1. 16 PCIe rather than 20 (CPU lanes), unless the PCH makes up for these with additional lanes (which are inferior to direct CPU lanes), this simply makes no sense. Ideally you want the GPU and at least one NVMe SSD running directly to the CPU, with full x16 and x4 bandwidth.
2. A lower single core speed? There is no reason for this, in use cases that stress only one core, the other 5 don't matter as to overall power consumption, so staying within the 45w envelope is absolutely possible (as noted by the increase of single core to quad core clocks from 7th to 8th gen desktop CPUs across the board). It would be a blatantly obvious downgrade, for no real technical reason. Historically, single core turbos have improved *every* generation since the introduction of the Core i**** series. I find it very doubtful that Intel has reversed this for no apparent logical reason. Especially with the introduction of actual competition from AMD.

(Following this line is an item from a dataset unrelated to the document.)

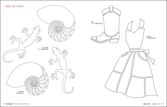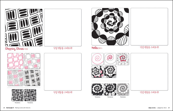 믹스미디어란 관점에서 스텐실은 젠탱글과 가장 잘 조화되는 분야로, 젠탱글이 어떻게 확장될 수 있는지 보여주는 단적인 사례다. 책 속에는 스텐실과 카드를 위한 흥미로운 활용 팁들은 물론, 아기자기한 스텐실 도안들이 실려 있어 곧바로 작품을 만들 수 있다. 그리고 보너스로 40가지의 새로운 탱글도 소개하고 있다.

3. How can it be the same BGA socket? The six core requires different power delivery, hence the move from z270 to z370.
4. The most obvious route for Intel, compared to the 7700hq would be +100/200mhz on single core turbo clocks, +100 to dual core clocks, +100/no change mhz to quad core clocks, and -200/300mhz to six core clocks (comparatively from quad core limits).
These are made on the assumption that the 8700hq is a direct replacement for the 7700hq. If it's some kind of 8720hq, it may not be intended to be, and perhaps the 8700hq is instead a quad core with higher clocks, or is simply skipped this generation. It may be the case that high boost clocks+high core count is simply not possible with 14nm, regardless of how many +++ there are in the current generation.
Again, think about it from an overall perspective, what would Intel look like releasing a comparative downgrade in most use cases from their last gen CPUs, at the same time that Ryzen has been introduced?